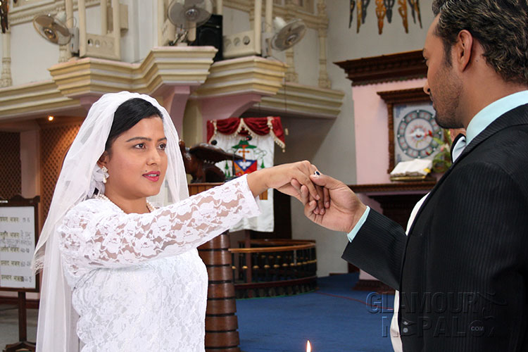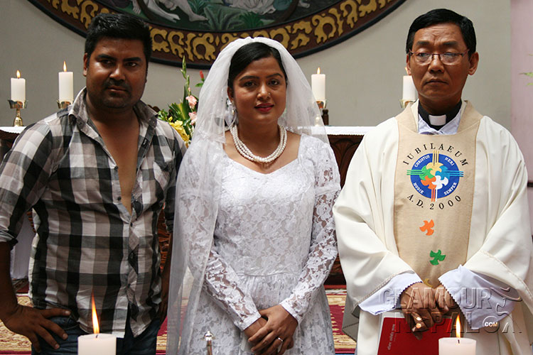 They tied nuptial knots at a church in Jawalakhel. Both were seen happy making each other as life partners. They did marriage for a scene of the film ‘Tathastu’ to be released on Poush 25.Currently the post production of the film is underway at Red Studio. Kishor Khatiwada and new artist Bigyan Joshi have acted in the feminist action movie.
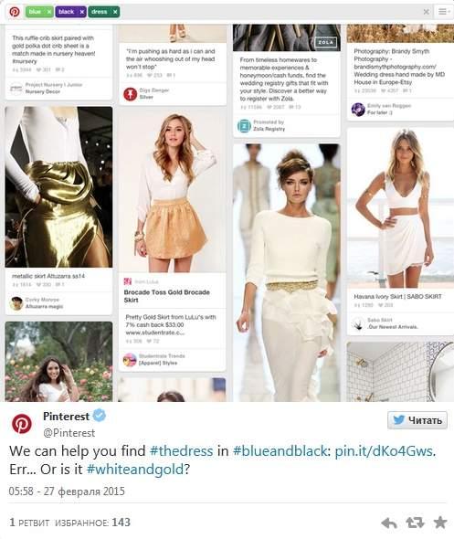 Pinterest в в аккаунте в Twitter напомнил, что этой социальной сетью часто пользуются для поиска и выбора нарядов.
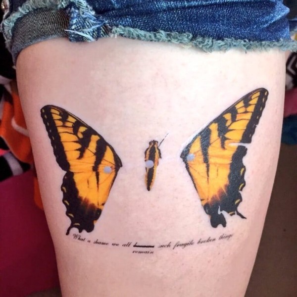腿部好看的欧美风格的蝴蝶纹身图案_蝴蝶纹身图案大全_纹身图吧
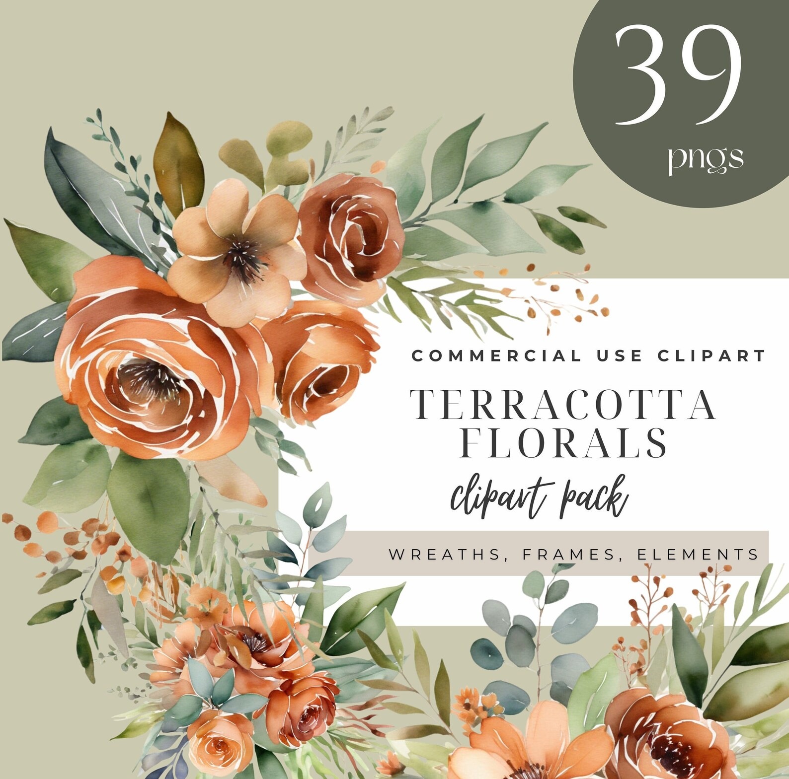 Terracotta Floral Clipart Pack, Autumn Clipart for commercial use, Orange & Brown Neutral Floral, Transparent PNGs, Wedding Botanical
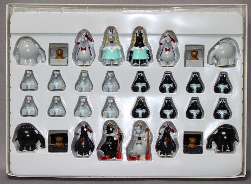 One figur (black lady) of the bird chess set is without the base. All chessmen
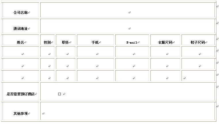 注:1.參會(huì)期間,天兆豬業(yè)將為您準(zhǔn)備干凈、舒適的衣物,請(qǐng)按照以下說明填寫尺碼:衣服尺碼——165cm為S號(hào)、170cm為M號(hào)、175cm為L號(hào),以此類推。若您的身高為174cm,請(qǐng)?zhí)顚憽癓”;鞋子尺寸——請(qǐng)根據(jù)實(shí)際情況填寫,若您平時(shí)穿鞋的尺碼為41碼,請(qǐng)?zhí)顚憽?1”。
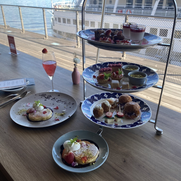 今回はアフタヌーンティーセットは食べました!無料で誕生日プレートなども出てきて海辺のカフェでゆっくり休むことができます!デートや女子会は本当におすすめです!
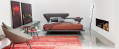 Les modèles de la série comprennent aussi Lovy Bed Ego, avec piqué de losanges, Lovy Bed Plus à effet capitonné et Lovy Bed Hi à tête de lit haute.

::::::::

Leave the pictures out and restate exactly the lines from the one that has "注:1.參會(huì)期間,天兆豬業(y" through the final line of the entries above, both ends included.

 注:1.參會(huì)期間,天兆豬業(yè)將為您準(zhǔn)備干凈、舒適的衣物,請(qǐng)按照以下說明填寫尺碼:衣服尺碼——165cm為S號(hào)、170cm為M號(hào)、175cm為L號(hào),以此類推。若您的身高為174cm,請(qǐng)?zhí)顚憽癓”;鞋子尺寸——請(qǐng)根據(jù)實(shí)際情況填寫,若您平時(shí)穿鞋的尺碼為41碼,請(qǐng)?zhí)顚憽?1”。
 今回はアフタヌーンティーセットは食べました!無料で誕生日プレートなども出てきて海辺のカフェでゆっくり休むことができます!デートや女子会は本当におすすめです!
 Les modèles de la série comprennent aussi Lovy Bed Ego, avec piqué de losanges, Lovy Bed Plus à effet capitonné et Lovy Bed Hi à tête de lit haute.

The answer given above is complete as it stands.